EXERCISE:
The output must consist only of the lines from the one with "Раковина двойная подвесная" through the end of the listing, restated exactly and free of pictures.

==== SUPPLIED RECORDS ====

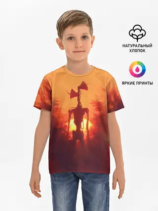 Детская базовая футболка / СИРЕНОГОЛОВЫЙ НА ЗАКАТЕ
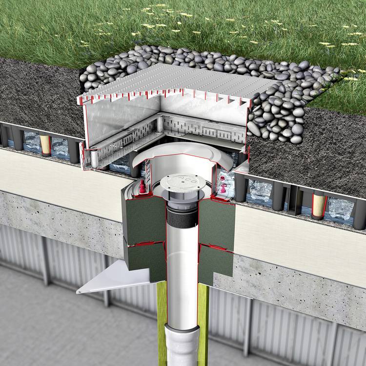 Die Begrünung hat direkten Einfluss auf die Dachentwässerung. Der Spitzenabflussbeiwert berücksichtigt den Dachaufbau eines extensiv oder intensiv begrünten Daches. Die Drainageschicht sorgt für einen einwandfreien Abfluss des Regenwassers zu den Abläufen.
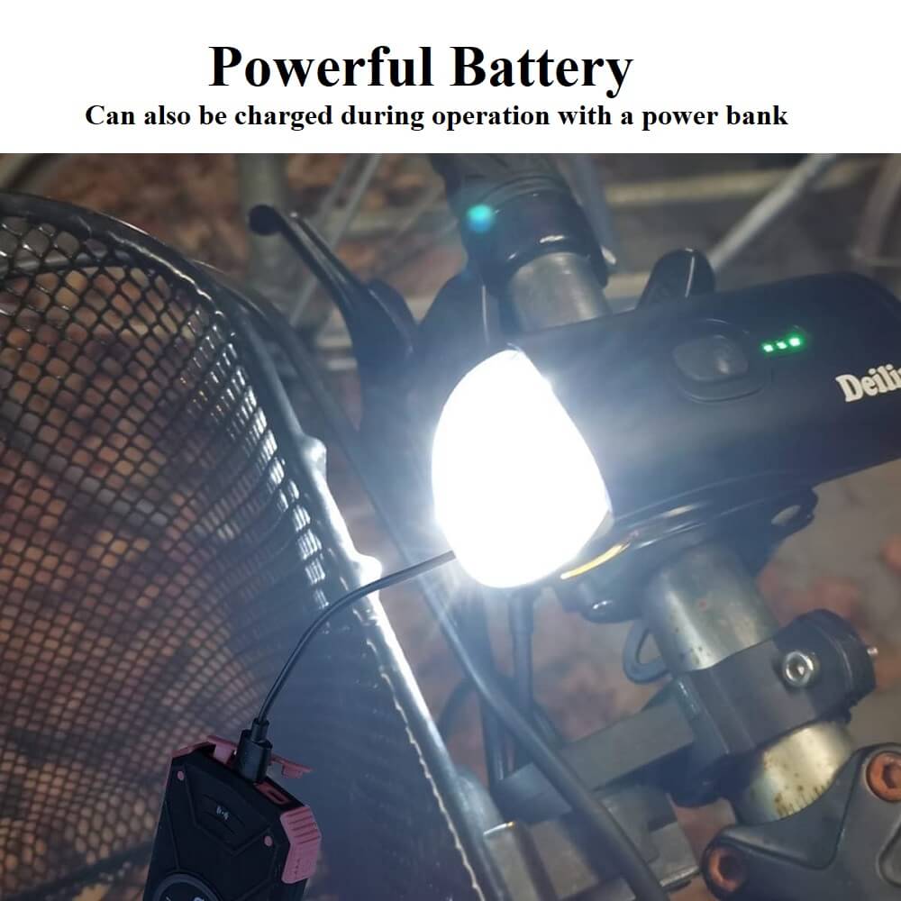 • 3 Light Modes and Smart Brightness Control: Deilin front light with ultra-bright 70/30 lux is completely sufficient for good lighting on the bike. The bicycle lights allow for good cycling in the dark. Equipped with intelligent adjustment mode and Osram LED, the brightness of the headlight automatically adjusts according to the ambient light intensity between 30-70 lux to maintain optimal visibility and battery power.
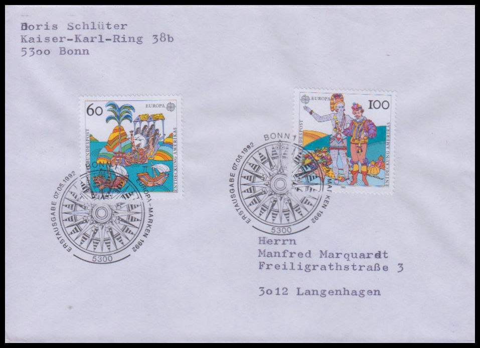 1992, Europa: 500. Jahrestag der Entdeckung von AmerikaErsttagsbrief
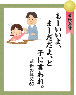 非常に危険な香りがするこの一句に、警告の意味をこめて一票です。何が危険なのか。親が子供のことを見ていないからです。子供の人生に、親の理想を押しつけてしまっているからです。子供はいつまでたっても、自分のために勉強しているのか、親のために勉強しているのか、わからないままになってしまうでしょう。しかしまあ、この詠み人は、自分を客観的にとらえていて、こうやって川柳にして、自分を自分で笑い飛ばせるのですから大丈夫です。危険なのは自覚ができていないことです。さあ、みなさんも胸に手を当ててこの句を3回詠んでみましょう。(おおたとしまさ氏)
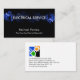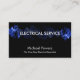 In the dark of the night, a luminous blue electrical lightning pulse streaks across the card's space, highlighting your business name "ELECTRICAL SERVICE" which you can change. At the base lies your prestigious name and slogan caption option.
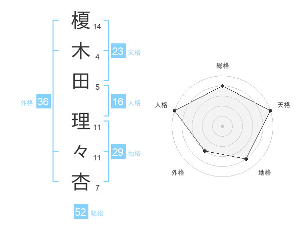 榎木田 理々杏さんの総格は52画の4点
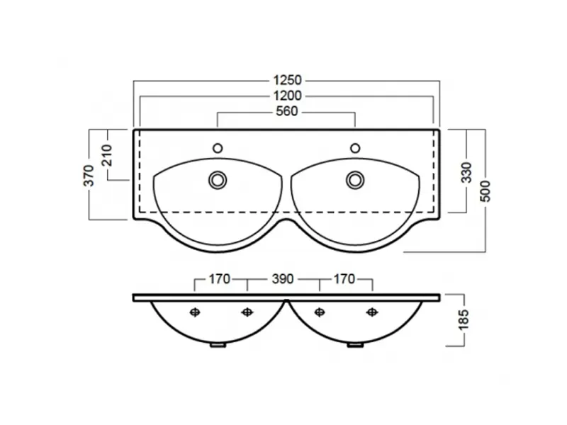 Раковина двойная подвесная HATRIA SOPHIE Y0Q501, размер 125х50 см, цвет белый. Раковина с двумя центральными отверстиями под смеситель (намечены еще 4 отверстия) , с отверстиями перелива. Монтируется на стену или мебель. Крепежные элементы (2 штуки), сифон, донный клапан и смеситель приобретаются отдельно.
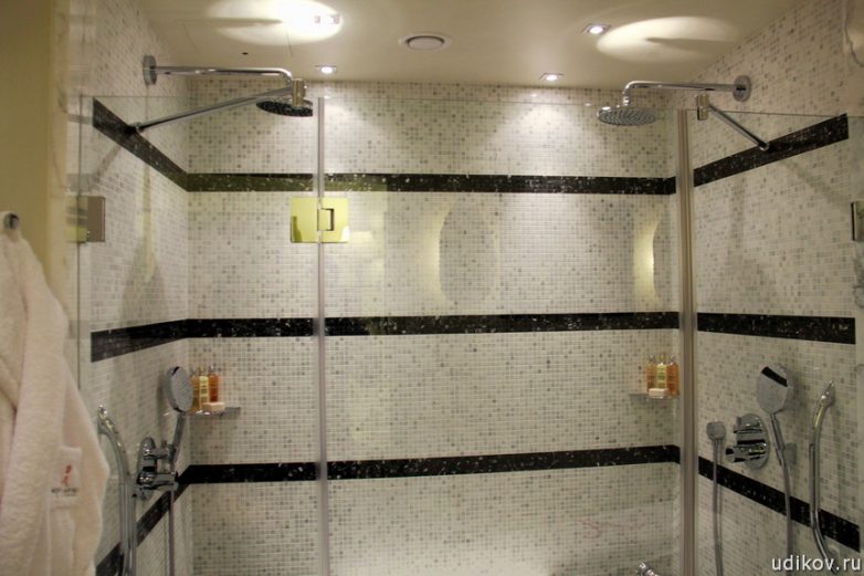 Стационарная скамеечка в душе – тоже довольно частое явление в США. Чтобы легче и проще проводить все манипуляции с телом. Для больших любителей ванных комнат можно там и читать, и о жизни думать, и фильм посмотреть, если вмонтируете специальный экран в душевую панель.
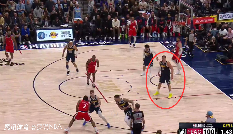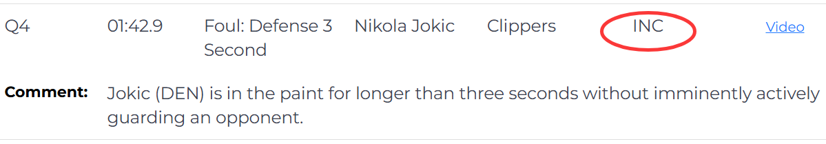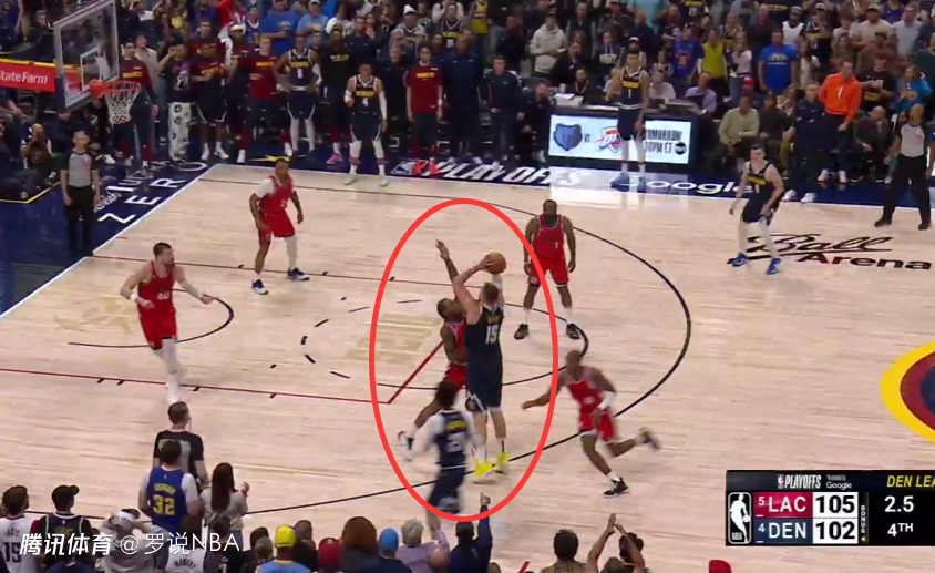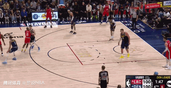 最后两分钟唯一一次漏判,出现在距离比赛结束还有1分42秒时。当时场上比分是100-100,约基奇在没有积极防守对方球员的情况下,在己方禁区停留时间超过三秒,这是一次漏吹的防守三秒违例。快船本该获得一次罚球机会。这次漏判是快船吃亏,掘金获利。
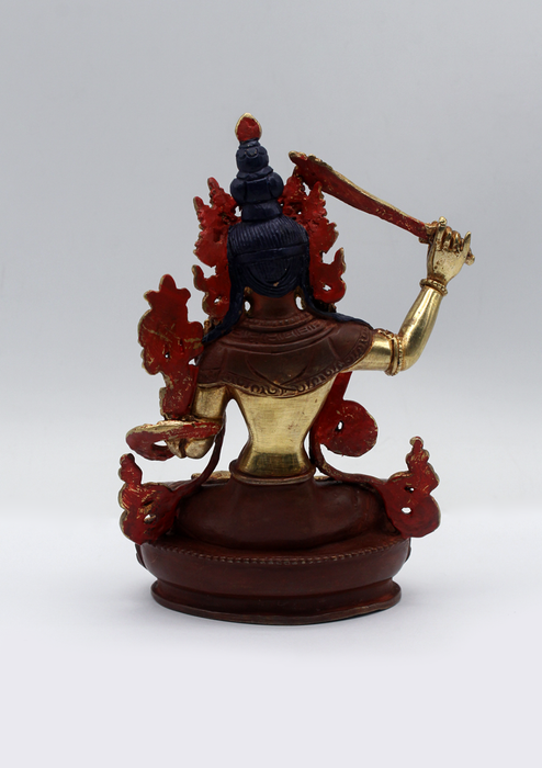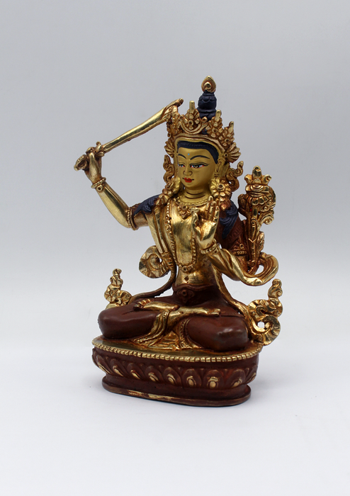 Partly Gold Plated Copper Manjushri Statue 5.5"H
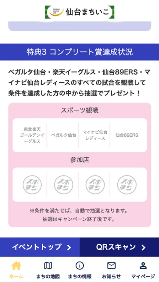 ・イベント: アプリユーザーは、仙台市内で開催されるスタンプラリー等のイベントに参加できます。条件を達成すると、抽選で特典を獲得するチャンスがあります。イベントは随時追加される予定です。
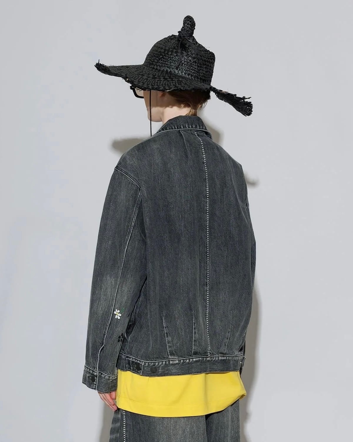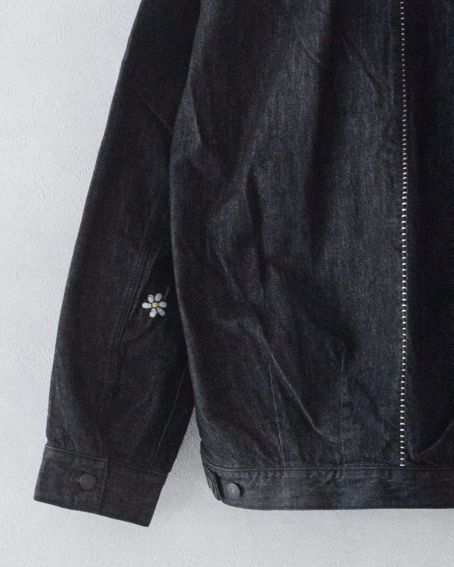 左袖の、カスミソウをイメージした手刺繡を、無骨さを抑えつつワンポイントのアクセントに。

====

WRITTEN SOLUTION:
 Раковина двойная подвесная HATRIA SOPHIE Y0Q501, размер 125х50 см, цвет белый. Раковина с двумя центральными отверстиями под смеситель (намечены еще 4 отверстия) , с отверстиями перелива. Монтируется на стену или мебель. Крепежные элементы (2 штуки), сифон, донный клапан и смеситель приобретаются отдельно.
 Стационарная скамеечка в душе – тоже довольно частое явление в США. Чтобы легче и проще проводить все манипуляции с телом. Для больших любителей ванных комнат можно там и читать, и о жизни думать, и фильм посмотреть, если вмонтируете специальный экран в душевую панель.
 最后两分钟唯一一次漏判,出现在距离比赛结束还有1分42秒时。当时场上比分是100-100,约基奇在没有积极防守对方球员的情况下,在己方禁区停留时间超过三秒,这是一次漏吹的防守三秒违例。快船本该获得一次罚球机会。这次漏判是快船吃亏,掘金获利。
 Partly Gold Plated Copper Manjushri Statue 5.5"H
 ・イベント: アプリユーザーは、仙台市内で開催されるスタンプラリー等のイベントに参加できます。条件を達成すると、抽選で特典を獲得するチャンスがあります。イベントは随時追加される予定です。
 左袖の、カスミソウをイメージした手刺繡を、無骨さを抑えつつワンポイントのアクセントに。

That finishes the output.